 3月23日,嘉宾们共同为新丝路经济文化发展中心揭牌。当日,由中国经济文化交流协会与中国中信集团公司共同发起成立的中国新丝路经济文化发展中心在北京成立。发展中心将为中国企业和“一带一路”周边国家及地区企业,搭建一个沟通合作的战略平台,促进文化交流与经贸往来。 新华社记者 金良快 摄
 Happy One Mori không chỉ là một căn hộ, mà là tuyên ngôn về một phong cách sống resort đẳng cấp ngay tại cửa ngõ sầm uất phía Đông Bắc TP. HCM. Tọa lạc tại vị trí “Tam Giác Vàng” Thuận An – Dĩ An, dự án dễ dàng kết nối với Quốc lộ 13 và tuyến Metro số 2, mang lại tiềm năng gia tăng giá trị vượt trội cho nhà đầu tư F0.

...

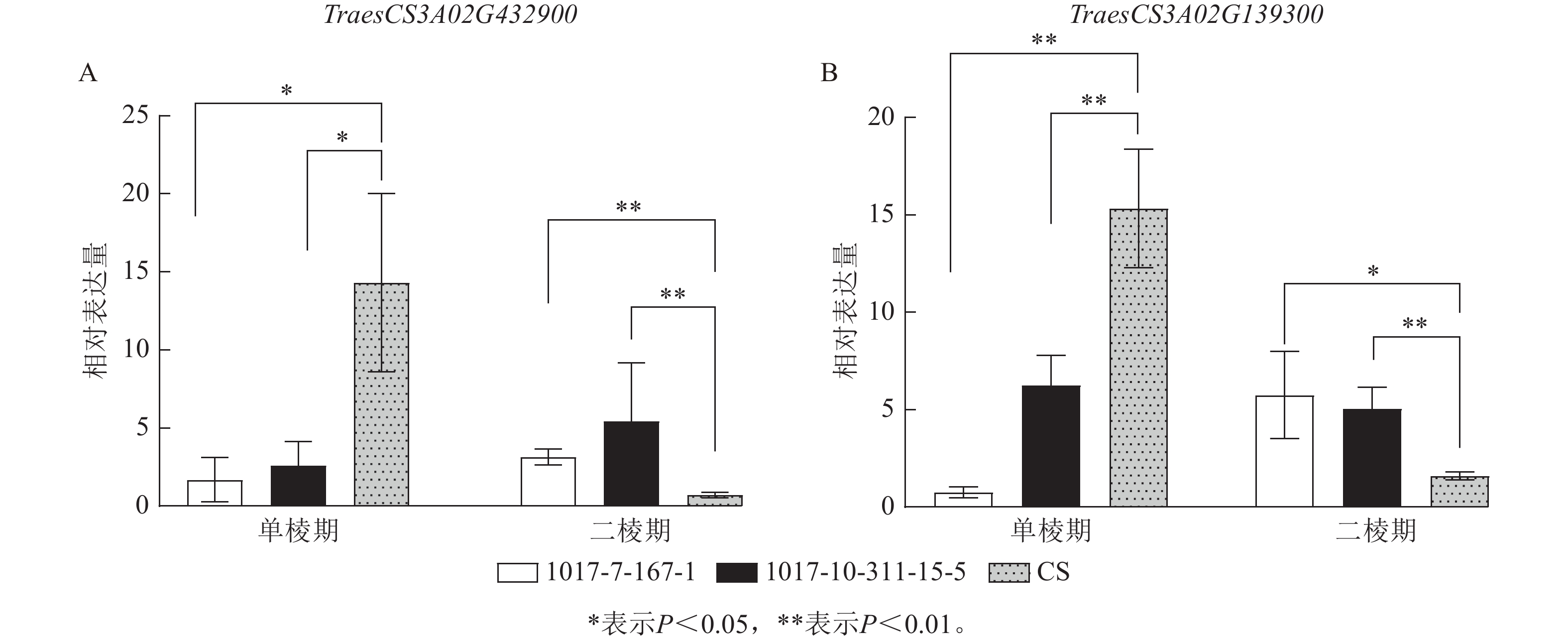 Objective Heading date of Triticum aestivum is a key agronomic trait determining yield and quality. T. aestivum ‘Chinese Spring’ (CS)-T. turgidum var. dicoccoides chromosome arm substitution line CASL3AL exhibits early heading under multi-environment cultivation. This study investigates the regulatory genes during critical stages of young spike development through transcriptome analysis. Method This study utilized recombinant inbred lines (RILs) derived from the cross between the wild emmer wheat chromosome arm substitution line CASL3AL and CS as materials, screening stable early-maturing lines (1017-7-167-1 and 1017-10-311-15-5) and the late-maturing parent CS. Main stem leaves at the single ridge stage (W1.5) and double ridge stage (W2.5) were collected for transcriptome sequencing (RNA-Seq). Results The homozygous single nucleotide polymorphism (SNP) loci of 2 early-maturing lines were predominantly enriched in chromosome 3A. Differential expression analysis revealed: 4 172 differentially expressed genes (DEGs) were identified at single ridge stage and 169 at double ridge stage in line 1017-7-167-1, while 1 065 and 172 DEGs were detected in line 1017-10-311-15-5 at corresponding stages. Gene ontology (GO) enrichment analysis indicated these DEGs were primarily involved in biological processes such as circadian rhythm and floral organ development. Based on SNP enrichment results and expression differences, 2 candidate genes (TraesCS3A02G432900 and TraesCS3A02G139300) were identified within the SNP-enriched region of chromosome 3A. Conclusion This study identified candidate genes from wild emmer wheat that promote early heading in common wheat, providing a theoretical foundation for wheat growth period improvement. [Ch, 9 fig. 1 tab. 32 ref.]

**WORK INSTRUCTION**
In the data above, find the line that contains "新华社记者 金良快 摄" and the line that contains "Happy One Mori". Repeat exactly those lines and every line between them, and only those.

**EXERCISE RESULT**
 3月23日,嘉宾们共同为新丝路经济文化发展中心揭牌。当日,由中国经济文化交流协会与中国中信集团公司共同发起成立的中国新丝路经济文化发展中心在北京成立。发展中心将为中国企业和“一带一路”周边国家及地区企业,搭建一个沟通合作的战略平台,促进文化交流与经贸往来。 新华社记者 金良快 摄
 Happy One Mori không chỉ là một căn hộ, mà là tuyên ngôn về một phong cách sống resort đẳng cấp ngay tại cửa ngõ sầm uất phía Đông Bắc TP. HCM. Tọa lạc tại vị trí “Tam Giác Vàng” Thuận An – Dĩ An, dự án dễ dàng kết nối với Quốc lộ 13 và tuyến Metro số 2, mang lại tiềm năng gia tăng giá trị vượt trội cho nhà đầu tư F0.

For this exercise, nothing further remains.